I look up as Jodie climbs back on her bed, a tiny smile frisking around her lips. I narrow my eyes at her. ‘What’s so amusing?’
She shakes her head and puts her finger on her lips.
‘What were you doing?’
‘Nothing.’
I shrug, turning back to my phone. There’s a message here from Karen:
So sorry hun that I haven’t got to come and see you. It’s been crazy this end, you know what it’s like, with the girls and everything, I’ve not had a min. But I’ll come and see you when you get out, I promise. Love you sis. Xxx
A couple of doctors are arriving with their teams, smaller teams today, only a skeleton staff on a weekend day for the sickest patients, walking briskly into the bay, a group of them immediately breaking off and shutting themselves in with the new patient.
Alice, I hear them calling her, and think about my friend Jen whose daughter is named Alice.
How Jake and her were fast friends as toddlers and small children, but grew apart as the years morphed them into awkwardness around each other and Alice wanted to hang out with the cooler kids.
Jodie is grinning full on now, glancing over at Barbara and then at the staff congregating in the middle of the bay, consulting together.
‘What’s with you?’ I say.
Kat has her eye on her, too. ‘Did you do something?’
Jodie raises her eyebrows. ‘What d’you mean?’
One of the doctors makes her way towards Barbara, greeting her and plucking her chart from the end of her bed.
‘Did you do something to her chart?’ I say, following Jodie’s line of sight.
Jodie giggles. ‘Maybe.’
‘Jodie!’ Kat and I both say together, appalled.
Jodie is unabashed.
‘You could get into big trouble for that!’ Kat says. ‘And so could the staff.

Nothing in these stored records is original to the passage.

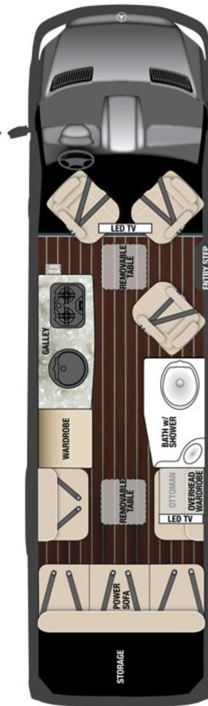
EXT Lounge Wardrobe Seats: 7 (8 with option) Sleeps: 2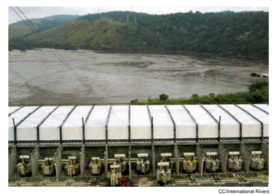
Many speakers urged the completion of the Grand Inga III hydroelectric dam on the Congo River, part of a proposed seven-dam interregional system, the largest in the world. When built, the system will provide 40 GW of new, reliable electricity for millions currently altogether without it.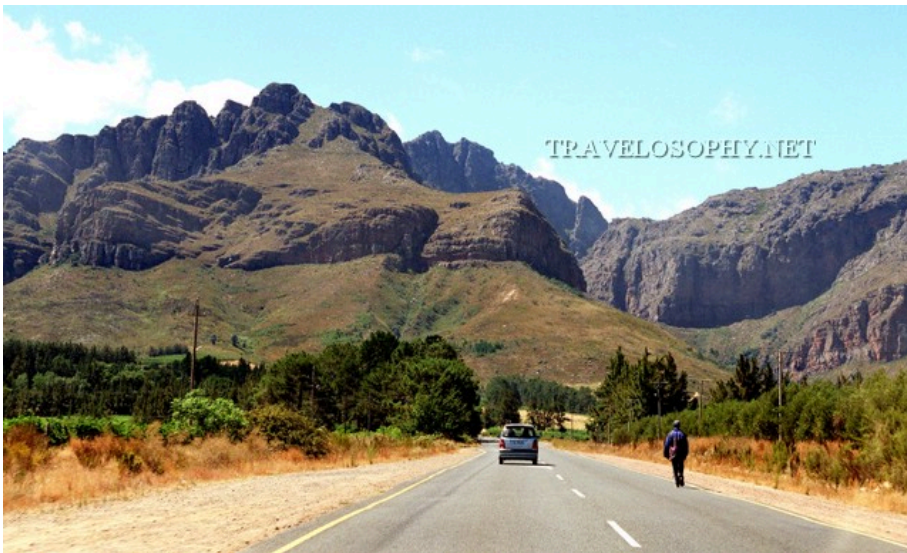
Between Somewhere and Nowhere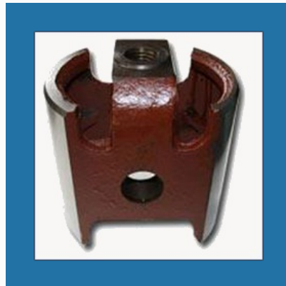
Cross Head Guides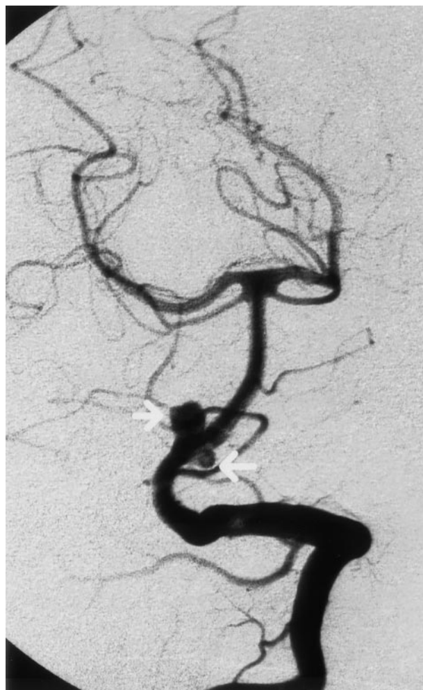
FIG 1. Initial DSA with left VA injection shows the wide-necked, irregularly shaped aneurysm of the vertebrobasilar junction (arrows)

venously), and intermittent doses of heparin were given throughout the procedure. A 7F, 90-cm guiding catheter (Vista Brite Tip Multipurpose; Cordis Europa N.V., Roden, the Netherlands) was positioned in the distal left VA. An 0.014-in microguidewire (ATW; Cordis) was passed into the left posterior cerebral artery as distally as possible to provide support. A 12 × 4-mm stent-graft (Jostent Coronary Stent Graft Supreme System with JET coating; Jomed. Unterschleibheim, Germany) was passed over the microguidewire and carefully positioned at the level of the aneurysm, distal to the origin of the left PICA and proximal to the origins of both anterior inferior cerebellar arteries. The stent-graft was then deployed across the neck of the aneurysm and the vertebrobasilar junction (Fig 2A). This system consisted of a premounted stent made of ultrathin (75 \mu m) polytetrafluoroethylene (PTFE) graft material layered be-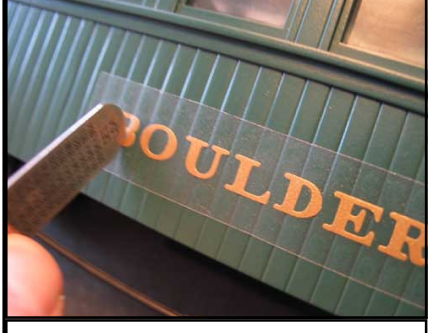
Burnish prior to tape removal

If you applied the transfer over grooved siding, burnish the tape/transfer before removing the transfer tape to make the vinyl conform to the shape. Use a narrow tool e.g. lead pencil or a dull toothpick.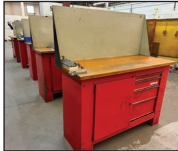
VIEW OF WATERLOO WORK BENCHES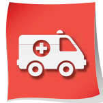
Unlimited Emergency Medical Evacuation (Superior & Premier Plan)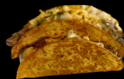
Quesabirria Quesadilla made on a flour tortilla dipped in broth, melted cheese, birria, onions & cilantro. Request Consome if you would like to dip your quesadilla

Request Consome if you would like to dip your tacos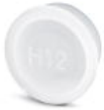
Plastic dust protection cap for connectors with M23 external thread

Plastic dust protection cap - RC-Z2059 - 1604225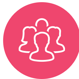
Me and My Community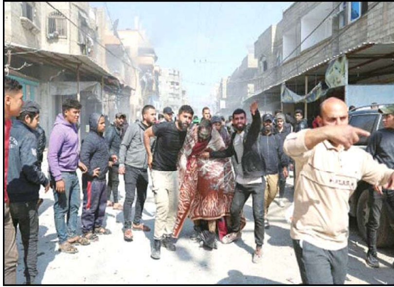
Palestinians help an injured man at the site of a strike on a house in Rafah.

camp, tempers are rising and on Friday dozens of people held an impromptu protest. "We didn't die from air strikes but we are dying from hunger," said a sign held by one child. In the camp, bedraggled children waited expectantly, holding plastic containers and battered cooking pots for what little food is available. Residents have taken to eating scavenged scraps of rotten corn, animal fodder unfit for human consumption and even leaves. Gaza's health ministry said a two-month-old baby identified as Mahmud Fatah had died of "malnutrition". "The risk of famine is projected to increase as long as the government of Israel continues to impede the entry of aid into Gaza," as well as access to water.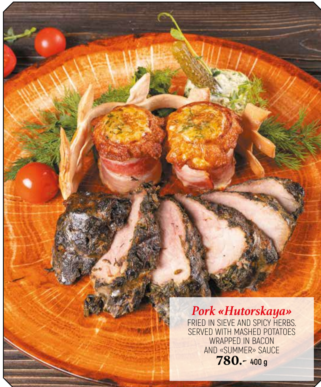
Pork «Hutorskaya» FRIED IN SIEVE AND SPICY HERBS. SERVED WITH MASHED POTATOES WRAPPED IN BACON AND «SUMMER» SAUCE 780.- 400 g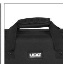
Convenient carry handles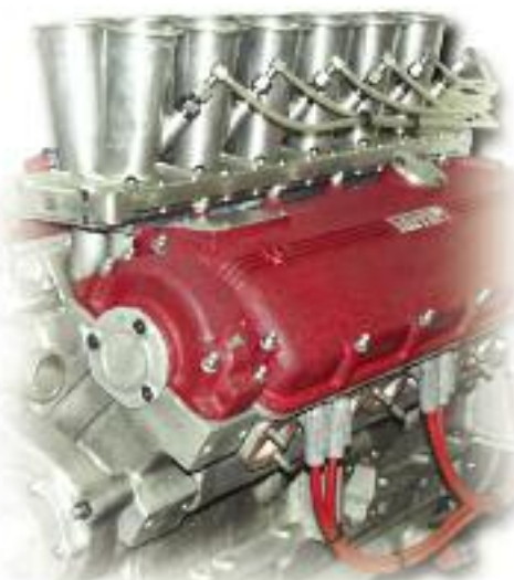
Ferrari Prototype Race Engine 450 Hp @ 7700 RPM 370 lb-ft @ 5800 RPM

Ferraris are the finest production road cars in the world. But when the finest is not good enough, CAROBU Engineering LLC provides the ultimate modifications for your prancing horse. Whether you are rebuilding your engine or tuning your car for the track or high performance street driving, accessories from Tubi-Style, Koni, Brembo and Razzo Rosso will add the final touch on your project.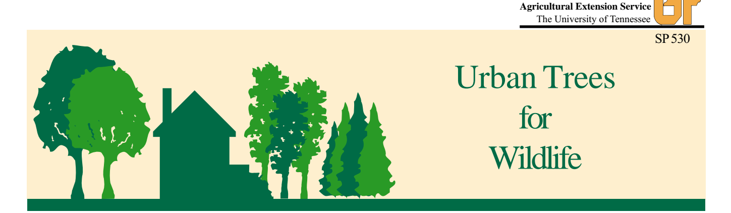
Wayne K. Clatterbuck, Assistant Professor Craig Harper, Assistant Professor Forestry, Wildlife & Fisheries

Viewing wildlife on your property is educational and fun. The kinds and numbers of wildlife that visit your backyard regularly depends on your location, size of area, variety of vegetation and amount of habitat development. Ideally, the habitat surrounding your home should be diverse with several species of trees, shrubs and flowering plants providing food and cover for wildlife throughout the year. The more diverse the vegetation, the greater variety of wildlife that can be attracted to the area.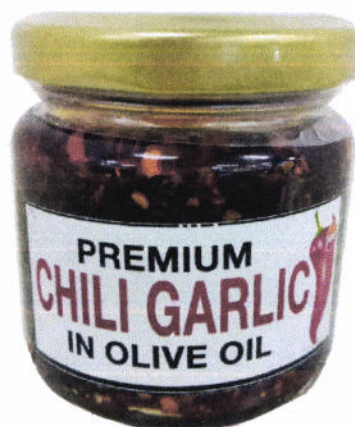
Figure 10. Unregistered Premium Chili Garlic in Olive Oil

You have to tell them. Now, look!’
Jodie sits in smug silence.
‘Jodie!’ I say again. ‘Just tell the doctor now. You can’t do that!’
But Jodie sits there like a queen in state, chin high in the air, her face all wreathed in self-satisfaction. She brings her hands together in a prayer pose and says ‘Yes, Sensei,’ in a ridiculous growly voice. ‘I’ll tell ’em later, boss. I promise. When we’re back.’
I glance at Kat, whose face is all rumpled up. Probably thinking, like me, that she should say something if Jodie won’t.
None of the doctors are here to see me, or Kat, or Violet, or Jodie today.
Only the new lady and Barbara, I assume to quickly sign her off.
But the doctor with Barbara is speaking to a nurse in low concerned tones, snatches of her words floating over to us as we strain forward to hear.
We can’t hear enough, though, not with the machine screeching through the bay.
It’s only when the doctor moves away we see Barbara, sitting up in bed looking strangely peaceful, tiny frail hands gathered together in her lap.
Jodie’s over there quickly, bending down to her level.
‘All well with you?’ she says, an edge of anticipation to her voice.
I sit on the end of my bed, leaning forward to hear more clearly.
‘Well, I was, you know, darling? Thought I was for it today, into that home, they said. Said it’d be nice in there, all quiet and such, back with my things. But I know why they’re sending me back there, I’m not stupid.’
‘So are you not going?’ Jodie says. ‘To the home, today, I mean?’